Sugianto pekerja keras demi bertahan hidup. Untuk itu, pekerjaan apa pun ia lakoni asal halal. Makan sehari kerap kali hanya satu kali, itu ia jalani dengan penuh keikhlasan dan kesabaran walaupun dengan lauk daun singkong.
Demi sesuap nasi, ia rela berpanas-panas mengambil upah mengangkat air dari sungai untuk dijual ke warung-warung di desanya. Untuk membeli kelengkapan sekolah pun, ia tidak malu berjualan es lilin keliling kampung dan acap kali juga menjual kayu bakar.
Keuletan, kegigihan, air mata, bahkan pandangan sebelah mata dari orang-orang kampung pun ia terima dengan lapang dada. Masa kecil, muda hingga dewasa ia lalui dengan ikhlas, tawakal dan tawadhu. Di saat teman-teman sebayanya menikmati keceriaan, ia sendiri banting tulang siang-malam demi kelangsungan hidupnya dan membantu meringankan beban kedua orangtuanya.
Para bijak sering berujar, Allah tidak ‘tidur’. Begitu juga dengan upaya tak kenal lelah seorang Sugianto, pelan namun pasti, setamat SMK, Sugianto muda dipercaya pamannya H. Abdul Rasyid untuk menakhodai PT. Tanjung Lingga. Dari omset miliaran meningkat trilyunan hingga ia menduduki puncak kariernya sebagai Direktur Utama di perusahaan multi nasional tersebut.
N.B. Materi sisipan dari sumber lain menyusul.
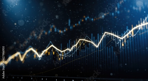 Dynamic financial market growth chart illustrating upward trends and volatility in a digital abstract setting

“Saya ‘benci’ dengan kemiskinan. Untuk itu, saya bertekad dengan amanah sebagai gubernur akan memberantas kebodohan di Kalteng. Bodoh membuat orang jadi miskin. Untuk itu, pendidikan menjadi prioritas utama program saya,” ucap Sugianto.
Dalam pertemuan-pertemuan sosial, Sugianto Sabran konsisten melakukan berbagai pendekatan serta pemahaman atas nilai-nilai kemanusiaan, pola-pola komunikasi, metode perhubungan kultural, pendidikan, cara berpikir dan pengupayaan solusi-solusi problem masyarakat.
Salah satunya adalah mengumpulkan para pemuda kampung di Pangkalan Bun untuk dididik sebagai sekuriti/petugas jaga keamanan. Para pemuda yang semula ‘meresahkan’ masyarakat, diberdayakan dengan dipekerjakan di perusahaan-perusahaan, baik di pertambangan maupun di perkebunan.
Sugianto Sabran tak ragu untuk terjun langsung di tengah-tengah masyarakat dan melakukan multi aktivitas yang memadukan dinamika budaya, sinergi ekonomi berintikan upaya pertumbuhan potensialitas rakyat.
Dalam pertemuan-pertemuan sosial selalu santun dan ramah kepada siapa pun. Ia menempatkan orang yang lebih tua sebagai kakak atau orang tua sendiri. Ia tidak segan-segan mencium tangan orang yang lebih tua darinya. Itulah pola-pola komunikasi yang ia lakukan sejak kecil.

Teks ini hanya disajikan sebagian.